Con los zancos se jugaba de diversas maneras: hacer carreras; señalizar un circuito plagado de dificultades e intentar recorrerlo y, como es de suponer, en el momento que perdías el equilibrio y ponías un pie en suelo quedabas eliminado; chutar una pelota… Aunque lo habitual era que los niños de la misma calle, montados en ellos, se diesen un garbeo por el pueblo. A la vuelta, siempre había alguien que regresaba sin ellos, ya que se habían deteriorado por el camino. Cuando esto sucedía se tiraba la lata, pero se recuperaba la cuerda para reutilizarla en otro menester. No, en aquellos tiempos los niños no sabíamos nada de ecología ni reciclaje, los maestros nos calentaban la cabeza con asuntos de otra índole. Nuestro instinto recuperador estaba motivado por lo difícil que era hacerse con un pedazo de guita, al que podía sacársele mucho juego y, como es de suponer, había que conservarla y reutilizar mientras fuese posible.

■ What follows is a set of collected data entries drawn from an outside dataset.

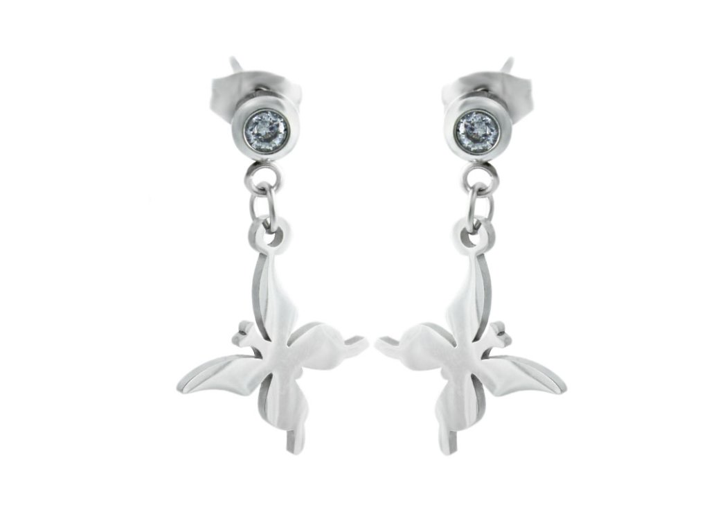 Náušnice visací se zirkony motýl z chirurgické oceli S11285040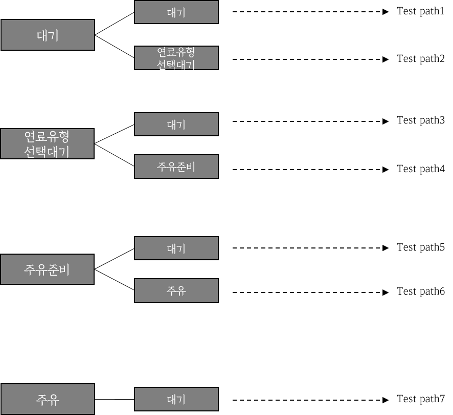 전이 트리에서 상태가 이벤트에 의해 전이되는 모든 경로를 테스트 케이스로 전환해보면 다음과 같다.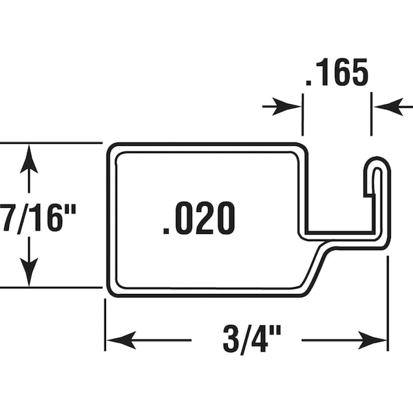 3/4 W x 7/16 H .020 gauge for replacement screens in wood double hung and casement windows. Screen retainer spline not included. Use .165 (11/64) for aluminum mesh; .185 (3/16) for fiberglass mesh.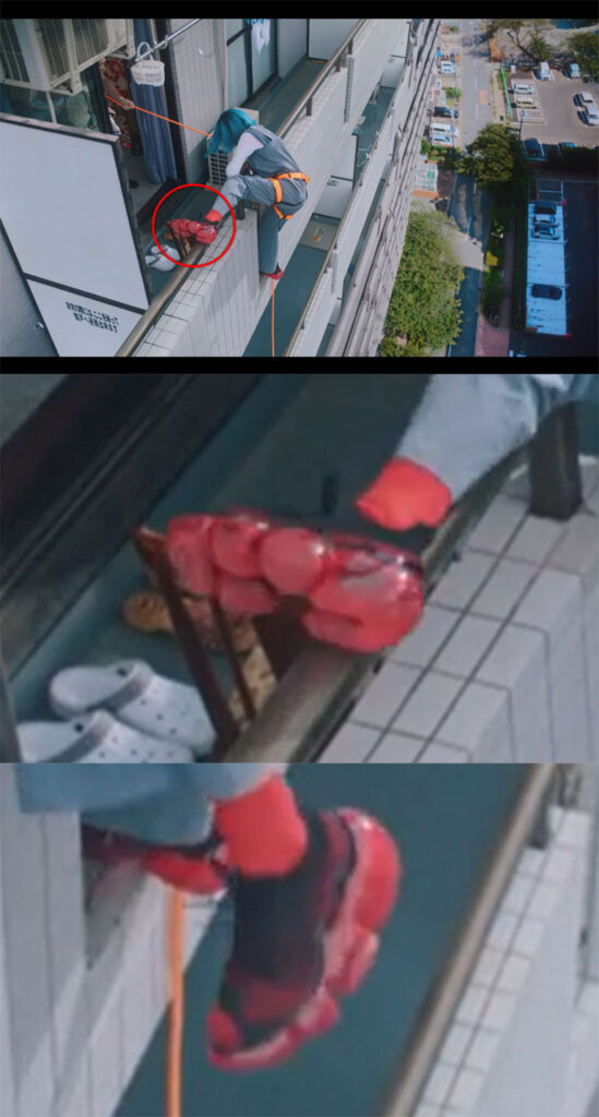 ドラマ「シナントロープ」第10話、マンションの13階のベランダから、クライミングロープ1本を使って室田環那が11階のベランダに垂直下降した際に、室田環那(演 鳴海唯)が履いていた特徴的なデザインのスニーカーに目を奪われた視聴者も多かったはず。

EL PINCHO. Este juego estaba condicionado por el tiempo que hiciera, debido a ello solo se practicaba en determinadas épocas del año. Exigía como requisito imprescindible que el suelo terrizo donde se jugaba estuviese blando y para ello se necesitaba que hubiese llovido. Como instrumental se utilizaba algún objeto punzante (un clavo grande, la hoja de una navaja, una lezna, una lima, un destornillador…) que era un instrumento personal e intransferible: jamás se prestaba a nadie. Cuanto más afilada tenían la punta mejor se hincaban y para ello utilizábamos un asperón, le echábamos una salivilla y pasábamos el objeto punzante cientos de veces sobre él para amolarlo. Los niños de mi calle solíamos jugar al pincho frente a mi casa, junto a las tapias de la vivienda de María Felisa, donde ahora se encuentra el “Hogar del Jubilado”.

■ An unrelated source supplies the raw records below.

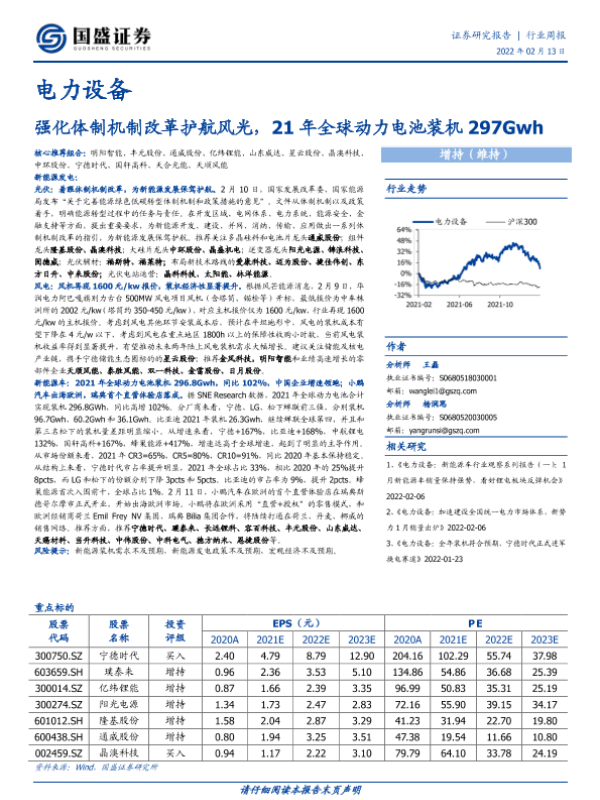 【国盛证券】【20220213】电力设备行业周报:强化体制机制改革护航风光,21年全球动力电池装机297Gwh-14页 行业研究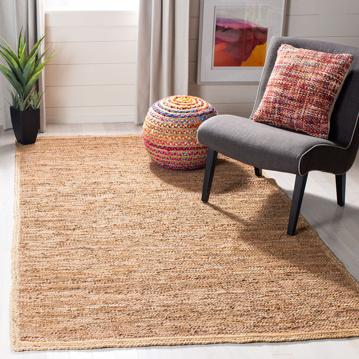 Whether placed in a living room, bedroom, or entryway, this area rug will become a cherished centerpiece that embodies both comfort and chic design. Don't miss the opportunity to bring a touch of artisanal charm into your home with this exquisite blend of materials and craftsmanship.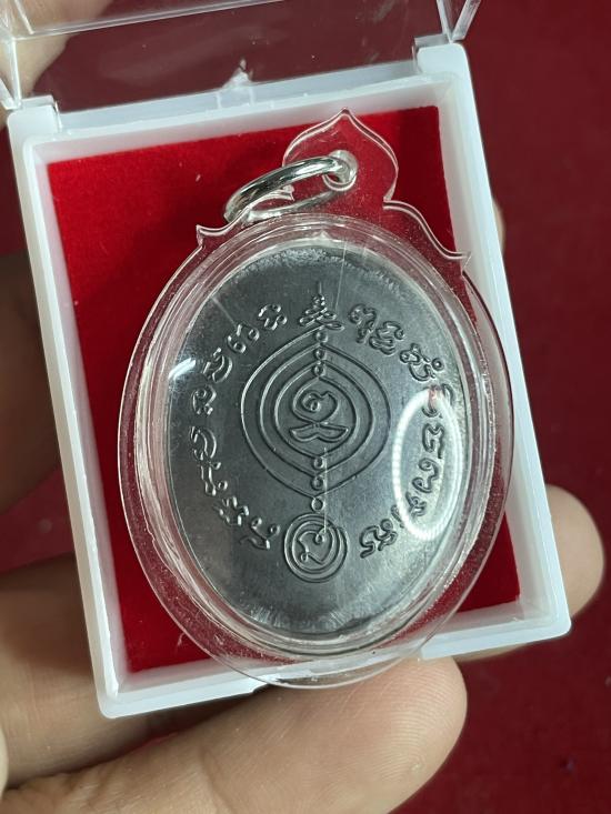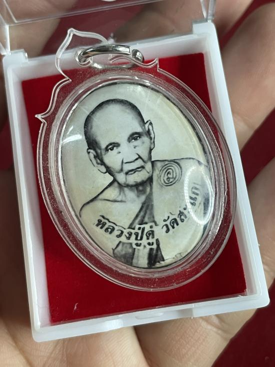 หลวงปู่ดู่ วัดสะแก ฉากขาว ซีเปีย พิมพ์รูปไข่ หลังยันต์ เนื้อตะกั่ว ปี 53 พร้อมเลี่ยม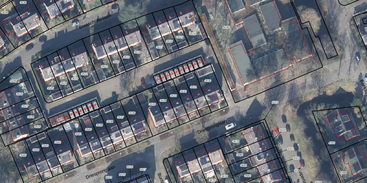 Gebruik de zoekbalk of klik op een perceel om informatie over het perceel te bekijken.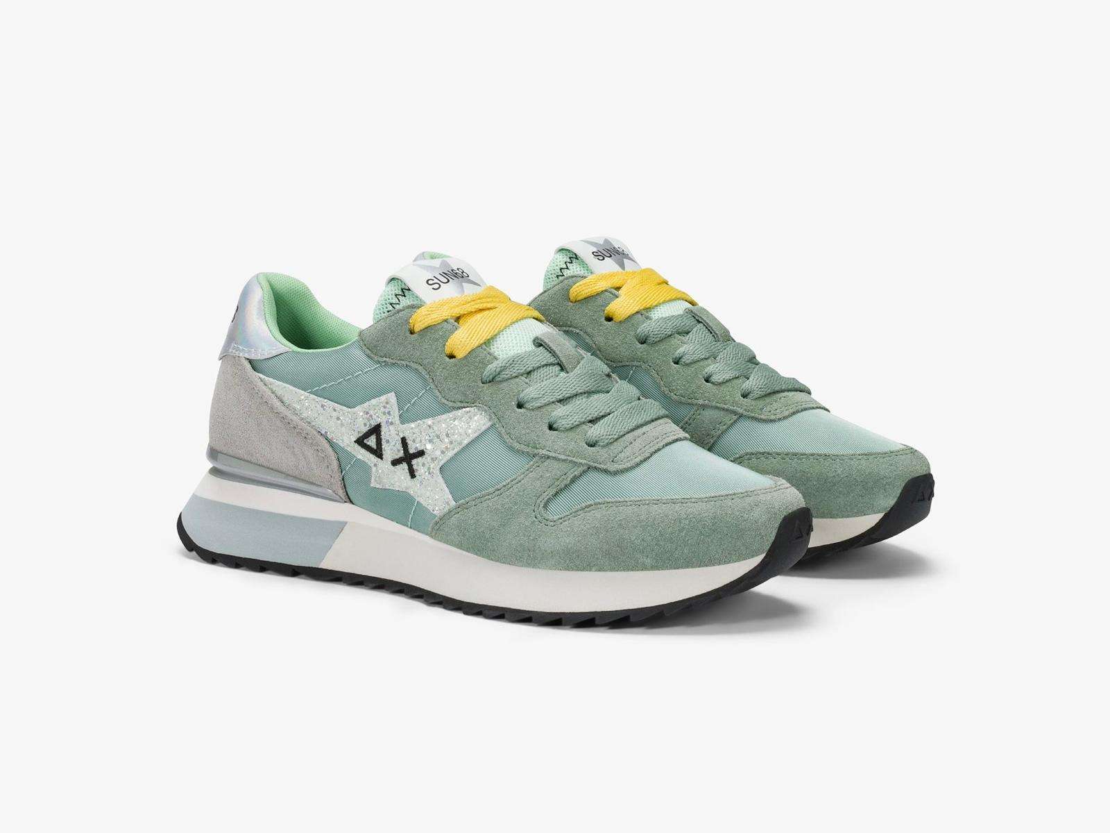 sun68 sneakers donna z36214 stargirl glitter in suede e nylon verde salvia z3621484

Habitualmente se concertaban enfrentamientos entre dos contrincantes, quedando eliminado el perdedor que cedía su lugar a otro jugador. Se marcaba en el terreno un rectángulo de dimensiones variables que se dividía en dos trozos iguales. En cada parte se situaba un jugador. Para ver quién comenzaba el juego se utilizaba algunas de las formas expuestas con anterioridad. El ganador siempre elegía comenzar y el perdedor campo. El jugador situado en el interior de su territorio, lanzaba el objeto punzante hacia el terreno enemigo tratando de clavarlo. Si lo conseguía, trazaba una línea recta tomando como referencia el lugar donde había clavado el pincho, pasando este terreno a ser propiedad del tirador, que con la suela del zapato borraba la marca anterior. Volvía a lanzar el pincho ininterrumpidamente mientras lo iba clavando, pero en el momento que fallaba perdía el turno, comenzando a lanzar el otro jugador. El juego finalizaba cuando a uno de los contendientes no le quedaba terreno donde apoyar, al menos, un pie para seguir jugando, y perdía. A veces, en la puerta de Maria Felisa se podían jugar cuatro o cinco partidas simultáneas. Nuestros progenitores, siempre que jugábamos al pincho nos prevenían para que tuviésemos mucho cuidado ya que podía resultar peligroso pero, afortunadamente, nunca presencié ni tuve conocimiento de ningún percance.
El pincho lo practicaban tanto los niños como las niñas; pero en muy raras ocasiones se jugaba una partida mixta. Entre las niñas había magnificas jugadoras como Pepa de “La Carmona”, Reme de “La Gazpacha” Loli de “La Eroma”, Mari de “La Zafra” y mi hermana María Dolores.
CONTINUARÁ...
P.D.: Es posible que algunos de los juegos descritos contengan variantes que difieran de cómo se jugaban en Periana. De ser así, tiene como justificación que también los practiqué en Málaga.